Hawaiian voyaging and wayfinding evolved from a system of non-instrument navigation used by our Polynesian predecessors to make long distant voyages across thousands of miles of open-ocean. This traditional science relied upon observations of the natural environment, often missed by modern sailors, including the position of the sun and the stars, rising and setting along known pathways, the movement of cloud clusters, wind direction, ocean swells or wave pilots, biological indicators of island targets such as migratory seabirds, and sea marks—distinctive natural occurrences at predictable places along sea routes, like regions where certain fish species leap above the waters surface, or a zone of innumerable marine or avian life. There is no other place in Hawaiʻi where islands are remote enough to simulate these target conditions for young navigating apprentices. This practice requires protection of the entire marine environment, not just the target islands, because only then will the full use of biological signs and natural phenomenon that help train navigators be available to them.
In addition to the proposed expansion of Papahānaumokuākea, advocates for the Office of Hawaiian Affairs (OHA) want the organization to be elevated to the level of Co-Trustee for the Monument. As a recognized institution responsible for improving the well-being of Native Hawaiians, OHA is the most appropriate organization to take on this role because of its continued involvement as a co-manager for the region since 2008; because it has a strong track record for supporting Native Hawaiian initiatives in the region, spending a significant portion of its budget in supporting cultural access up there; and because it has the ability to engage and connect the Hawaiian community, its constituents, in management decisions. It is the only institution that is currently both a manager of the monument and mandated to represent Native Hawaiian interests. Elevating the status of OHA would finally acknowledge that the indigenous peoples of Hawaiʻi are not just stakeholders but, rather, are a people with unique social and political status in our islands. It would allow Native Hawaiians to take up their rightful ancestral role as ocean guardians again.

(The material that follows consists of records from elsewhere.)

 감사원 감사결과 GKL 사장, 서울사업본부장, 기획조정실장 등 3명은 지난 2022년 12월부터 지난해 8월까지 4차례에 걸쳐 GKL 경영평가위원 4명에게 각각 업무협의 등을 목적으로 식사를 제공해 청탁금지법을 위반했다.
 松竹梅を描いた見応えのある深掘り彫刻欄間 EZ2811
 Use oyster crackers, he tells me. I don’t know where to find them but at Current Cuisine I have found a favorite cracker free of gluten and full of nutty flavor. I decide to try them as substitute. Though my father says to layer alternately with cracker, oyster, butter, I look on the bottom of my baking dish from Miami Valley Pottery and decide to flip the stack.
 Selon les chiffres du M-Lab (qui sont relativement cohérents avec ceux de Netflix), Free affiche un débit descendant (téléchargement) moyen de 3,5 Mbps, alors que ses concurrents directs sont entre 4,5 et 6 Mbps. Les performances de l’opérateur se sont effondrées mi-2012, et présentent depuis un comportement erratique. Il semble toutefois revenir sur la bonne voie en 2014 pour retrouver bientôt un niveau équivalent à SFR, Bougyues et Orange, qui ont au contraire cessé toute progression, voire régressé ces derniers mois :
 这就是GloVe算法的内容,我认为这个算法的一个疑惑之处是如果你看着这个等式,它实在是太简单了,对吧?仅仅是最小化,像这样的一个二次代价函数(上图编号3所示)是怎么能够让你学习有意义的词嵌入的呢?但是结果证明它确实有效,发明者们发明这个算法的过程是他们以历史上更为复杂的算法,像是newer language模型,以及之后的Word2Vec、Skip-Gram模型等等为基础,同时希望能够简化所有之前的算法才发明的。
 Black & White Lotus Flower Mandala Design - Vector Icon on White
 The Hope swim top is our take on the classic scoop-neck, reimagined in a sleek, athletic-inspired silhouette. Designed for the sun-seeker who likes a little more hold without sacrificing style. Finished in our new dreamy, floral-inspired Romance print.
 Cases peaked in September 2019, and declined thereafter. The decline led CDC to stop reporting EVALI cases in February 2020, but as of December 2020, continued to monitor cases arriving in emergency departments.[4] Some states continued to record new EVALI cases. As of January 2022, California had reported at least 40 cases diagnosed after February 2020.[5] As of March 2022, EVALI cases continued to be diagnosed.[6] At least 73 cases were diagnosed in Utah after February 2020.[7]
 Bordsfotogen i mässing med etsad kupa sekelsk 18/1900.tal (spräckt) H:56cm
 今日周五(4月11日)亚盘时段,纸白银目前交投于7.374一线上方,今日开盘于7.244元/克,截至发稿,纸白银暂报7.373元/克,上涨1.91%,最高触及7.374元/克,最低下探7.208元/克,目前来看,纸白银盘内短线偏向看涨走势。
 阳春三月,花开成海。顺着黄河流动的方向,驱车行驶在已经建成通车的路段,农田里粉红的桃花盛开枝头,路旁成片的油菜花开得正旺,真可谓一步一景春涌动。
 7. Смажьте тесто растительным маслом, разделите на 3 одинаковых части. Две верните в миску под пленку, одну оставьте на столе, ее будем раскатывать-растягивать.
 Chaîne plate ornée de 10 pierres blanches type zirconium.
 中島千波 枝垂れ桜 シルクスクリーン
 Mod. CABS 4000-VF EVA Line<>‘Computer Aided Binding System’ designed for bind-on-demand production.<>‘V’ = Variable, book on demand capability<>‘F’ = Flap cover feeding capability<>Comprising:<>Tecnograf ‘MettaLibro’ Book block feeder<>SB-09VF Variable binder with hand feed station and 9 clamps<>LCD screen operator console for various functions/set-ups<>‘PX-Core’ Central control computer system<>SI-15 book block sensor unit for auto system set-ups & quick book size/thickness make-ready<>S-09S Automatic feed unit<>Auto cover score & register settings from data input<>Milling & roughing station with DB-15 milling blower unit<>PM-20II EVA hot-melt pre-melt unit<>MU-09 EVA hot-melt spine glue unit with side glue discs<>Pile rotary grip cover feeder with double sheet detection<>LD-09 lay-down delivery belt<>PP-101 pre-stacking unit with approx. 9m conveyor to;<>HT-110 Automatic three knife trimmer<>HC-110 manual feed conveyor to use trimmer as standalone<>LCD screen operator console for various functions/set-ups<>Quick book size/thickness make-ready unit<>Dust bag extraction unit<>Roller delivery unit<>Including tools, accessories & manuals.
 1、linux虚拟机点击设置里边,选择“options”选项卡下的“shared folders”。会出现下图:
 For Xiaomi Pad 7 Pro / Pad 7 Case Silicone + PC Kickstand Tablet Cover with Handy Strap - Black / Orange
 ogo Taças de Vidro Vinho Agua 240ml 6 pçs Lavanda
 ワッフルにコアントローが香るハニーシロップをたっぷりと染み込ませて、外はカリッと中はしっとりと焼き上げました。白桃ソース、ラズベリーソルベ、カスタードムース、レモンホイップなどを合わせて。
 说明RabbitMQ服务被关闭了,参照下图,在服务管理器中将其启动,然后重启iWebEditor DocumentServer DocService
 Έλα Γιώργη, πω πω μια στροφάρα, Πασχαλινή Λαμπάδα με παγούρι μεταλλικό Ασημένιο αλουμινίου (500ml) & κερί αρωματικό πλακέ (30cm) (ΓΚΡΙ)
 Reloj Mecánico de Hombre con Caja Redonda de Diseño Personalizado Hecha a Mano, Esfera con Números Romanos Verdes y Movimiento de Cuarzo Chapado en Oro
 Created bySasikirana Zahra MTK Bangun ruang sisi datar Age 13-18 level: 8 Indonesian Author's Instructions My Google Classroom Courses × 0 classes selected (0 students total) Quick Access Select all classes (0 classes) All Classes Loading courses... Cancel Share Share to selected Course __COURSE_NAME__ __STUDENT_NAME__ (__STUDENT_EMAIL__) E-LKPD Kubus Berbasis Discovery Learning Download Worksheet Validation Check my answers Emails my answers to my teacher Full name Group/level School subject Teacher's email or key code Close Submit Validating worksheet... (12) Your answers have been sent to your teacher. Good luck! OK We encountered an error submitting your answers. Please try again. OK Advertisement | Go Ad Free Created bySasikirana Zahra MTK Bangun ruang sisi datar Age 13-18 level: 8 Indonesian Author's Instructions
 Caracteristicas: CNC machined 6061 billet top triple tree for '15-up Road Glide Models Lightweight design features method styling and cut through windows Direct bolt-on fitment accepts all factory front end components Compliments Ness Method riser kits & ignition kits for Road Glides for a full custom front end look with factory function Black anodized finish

The proposed expansion of Papahānaumokuākea Marine National Monument is one of the most important cultural and conservation initiatives of our generation and, for the first time, we have the unique opportunity to protect and actively steward a very large part of Hawaiʻi. Viewing this vast ocean region as a living cultural seascape acknowledges the importance of places like this, for both natural and cultural dimensions, and helps to maintain a core aspect of our identity as ocean people.
The ocean is our beginning and our end and, in the chaos of today’s world, the ocean helps to quiet our minds, center our perceptions and intuitively understand what we need to do to live in a healthy world again. To save our ocean we must acknowledge its power, its boundless nature and its importance as a driving force that shapes all aspects of our natural world and, in turn, our well being. Today, we must reaffirm our commitment to the protection our oceans by creating large scale protected areas for future generations. It is a global movement that must be amplified now. We must take up the ancestral role of kiaʻi kai once again.